He loves his carrots, but there’s one problem: they give him a ridiculous amount of gas. He has come home from a carrot binge and repeatedly been angrily sent to the other end of the house until his insides calm down.
This has led to a couple embarrassing incidents at work. One time, he was listening to his iPod when another coworker started a conversation with him. John felt a fart about to escape but figured it was going to be quiet, so he slowly let it go… He fumbled to turn off his music as he was talking and suddenly heard the thunderous sounds of his bowels vibrating through conversation. His coworker waited till it was over, then resumed conversation as though nothing had happened.
Another time, John got to work early and saw that his cubicle patch was empty. Good time to let one rip, he thought, and released a long, slow fart. Just then, a coworker popped her head up from her desk (apparently, she had been digging into a bottom drawer) and said, “good morning!” Not the best way to start your workday.
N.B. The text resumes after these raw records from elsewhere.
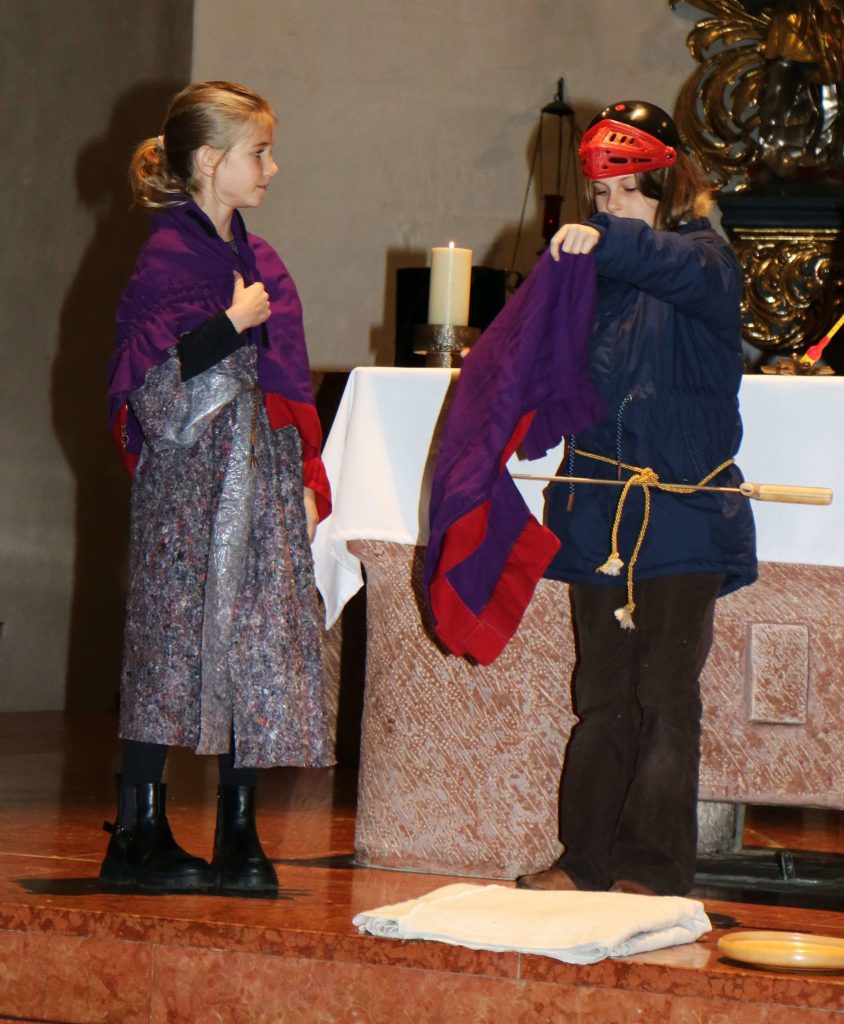 Zum Fest des Heiligen Martin gestalteten Erstkommunionkinder und Firmlinge den Gottesdienst in St. Vitus mit einem Spiel über die berühmte Mantelteilung. Dazu veranschaulichte Pastoralreferent Konrad Kraus mit einer Geschichte: Heilige sind Menschen, die durch ihr Leben das Licht und die Liebe Gottes scheinen lassen und dadurch die Welt ein wenig heller machen. Im Martinszug folgten nach dem Gottesdienst viele Kinder mit ihren Laternen Martin zu Pferde und trugen so das Licht hinaus auf die Straßen von Burglengenfeld.
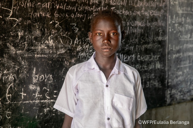 アボクちゃん(10歳)は「将来はお医者さんになりたいので、しっかり勉強したいです」と話します。南スーダンは世界で最も識字率が低い国の一つで、国民の3人に1人しか読み書きができません。また、280万人もの子どもたちが学校に通えていない状況です。2024年、国連WFPは南スーダンで36万4,000人の子どもたちに学校給食を提供しています。南スーダンでは160万人の子どもたちが栄養不足に苦しんでいると推定され、学校での給食が、その日唯一の栄養のある食事となる子どもたちも少なくありません。
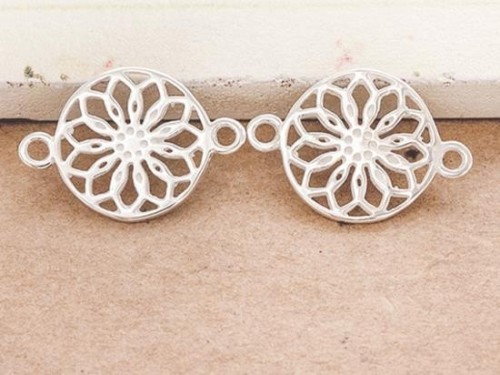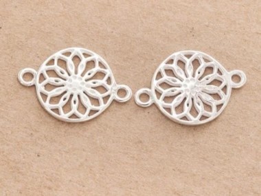 2 of 925 Sterling Silver filigree Flower Connectors, Links 14mm.
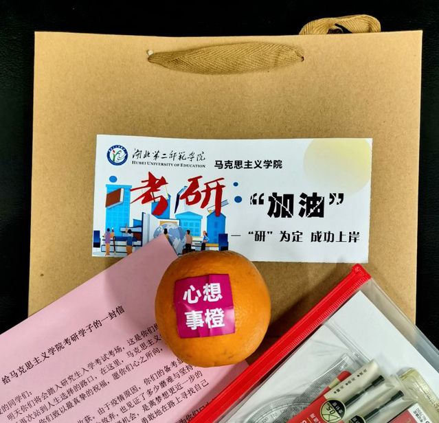 据了解,礼物袋中贴有“心想事成”、“乘风破浪”等字样的橙子、“连中三元”寓意的文具袋等是由宋平、樊勇、教学办教师余珮和辅导员王一于1224日晚亲自准备并包装的,而其中的手写信则是由2018级学生给各自一对一学长学姐亲手写的。“刚刚进入大学校园的时候,一对一的学长学姐给素不相识的我们写了一封信,之后也给了我们很多帮助。所以今天,我们也将自己亲手写的一封信作为一个小礼物来回赠他们,预祝他们考研成功”,2018级思想政治教育1班张敏敏说道。
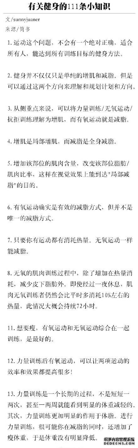 有关健身的111条小知识,熬过了必须的苦,才能收获完美身材,健身贵在坚持!收了吧!
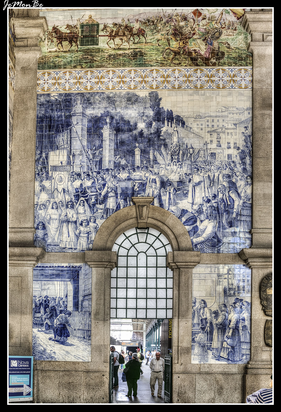 Aunque ya de entrada su fachada es señorial, la verdadera joya se encuentra en su interior: un hall decorado con más de 20.000 azulejos en los que se retrata la historia de Portugal.
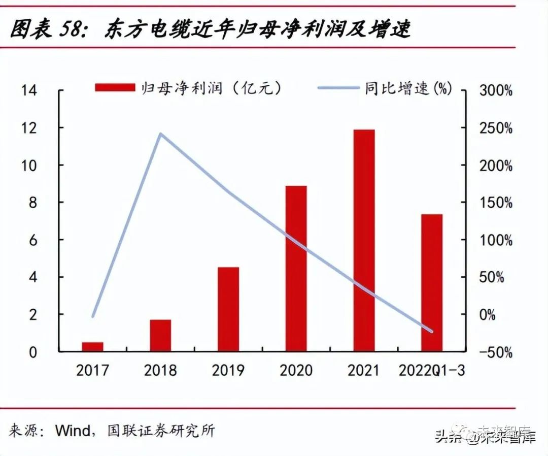 全國(guó)海纜龍頭,營(yíng)收利潤(rùn)同步增長(zhǎng)。公司作為國(guó)內(nèi)電線電纜龍頭企業(yè),業(yè)務(wù)全面 覆蓋陸纜系統(tǒng)、海纜系統(tǒng)、海洋工程三大產(chǎn)品領(lǐng)域,并在高端線纜專(zhuān)業(yè)領(lǐng)域?qū)崿F(xiàn)多項(xiàng) 技術(shù)突破。2022 年前三季度,公司營(yíng)業(yè)收入同比下滑 1.88%,歸母凈利潤(rùn)同比下滑 23.43%, 主要由于國(guó)內(nèi)海風(fēng)搶裝潮的結(jié)束及疫情影響需求,部分海纜項(xiàng)目交付延后,導(dǎo)致主營(yíng) 業(yè)務(wù)中海纜系統(tǒng)收入有所下滑。
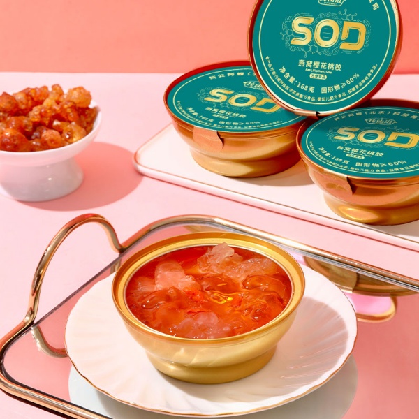 当前,国家正大力推进海洋经济高质量发展,推动海洋传统产业向科技化、高附加值转型。阿公阿嬷积极响应战略导向,将核心生物活性成分SOD(超氧化物歧化酶,国际公认的天然抗氧化核心物质,可高效清除自由基,帮助身体守护焕活状态,维持细胞活性与身体代谢机能)与海参、燕窝、花胶等福建本土海洋滋补食材深度融合,采用先进生物萃取与活性锁鲜工艺,最大程度保留SOD生物活性,同时搭配燕窝(富含燕窝酸与优质蛋白)、桃胶等珍贵食养食材,以木糖醇替代蔗糖适配更多人群,打造出兼具高活性、易吸收、低负担的全新食品品类。
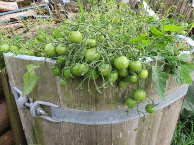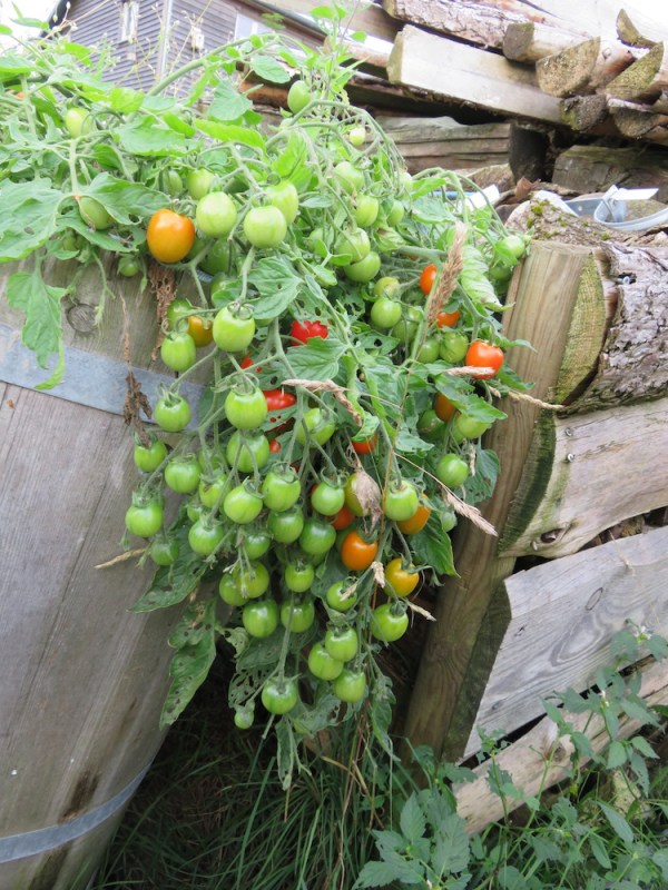 Als nächstes kommen wir an dem Saunafass vorbei, welches ich dieses Jahr mit Mist und Erde gefüllt und mit der Ampeltomate ‚Tumbling Tom‘ bepflanzt habe. Die Sorte keimte schlecht und wuchs in den ersten Wochen extrem spärlich, fast war ich geneigt, meinen raren Platz nicht mit den Kümmerlingen zu verschwenden. Dann aber legten die Pflanzen plötzlich los und mittlerweile hängen auf der Nordseite des Kübels die Tomaten in dicken Trauben.
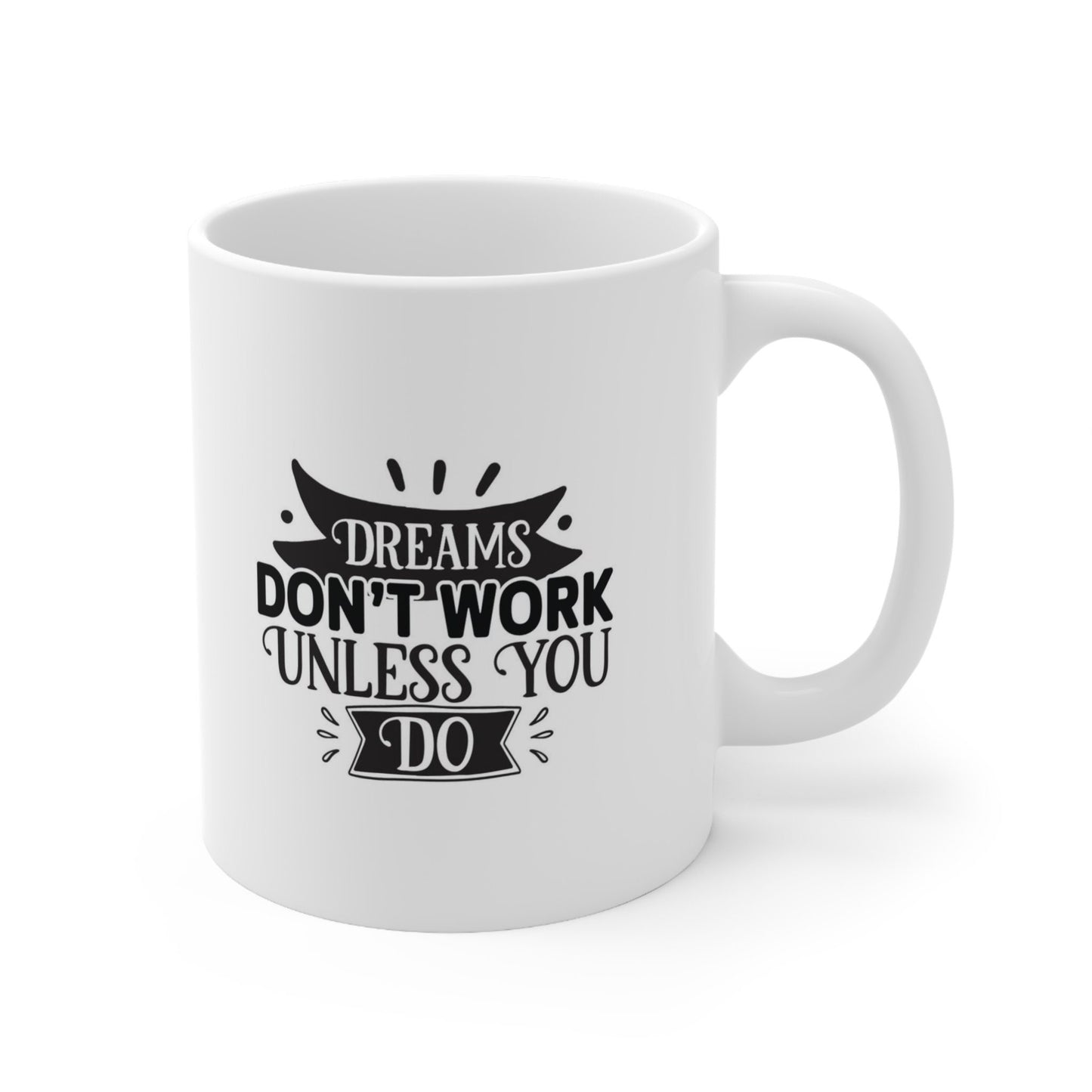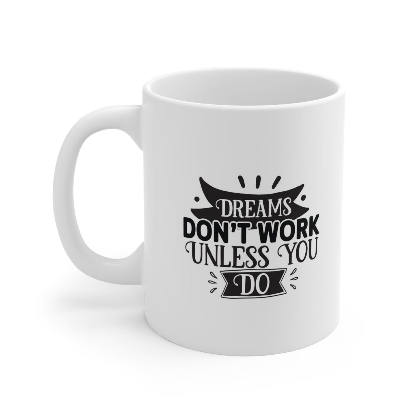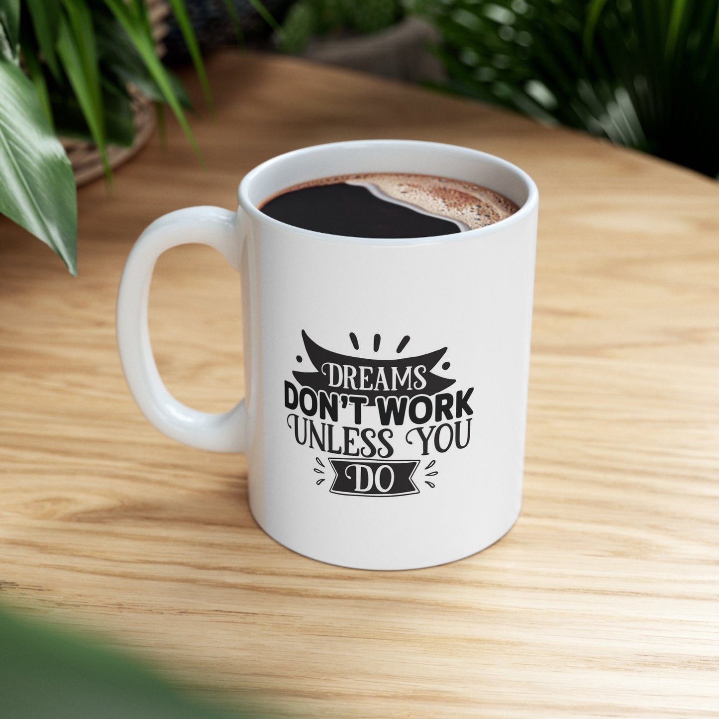 Inspirational Mug, Dreams Don't Work Unless You Do, Mug with a Quote, Gift Mug, White Ceramic Coffee Mug 11oz, Birthday Gift

I’m impressed that everyone at John’s work can keep such straight faces and play off farts so expertly. I’m positive that if a coworker of mine accidentally ripped one, I would be in absolute hysterics. I would be wiping tears off my face and trying not to point.
At any rate, the carrot fart situation does not appear to be improving and John is at a loss about what to do. I think his body will eventually calm down as it adjusts to a higher amount of fiber, but he (reasonably) is not sure he can withstand the adjustment period. It’s hard to maintain your authority at work when your butt says more than you do.
In the meantime, Brontë is feasting on melted cheese, Bridget is eating everything that isn’t nailed down, and John is trying his best not to blow the house up.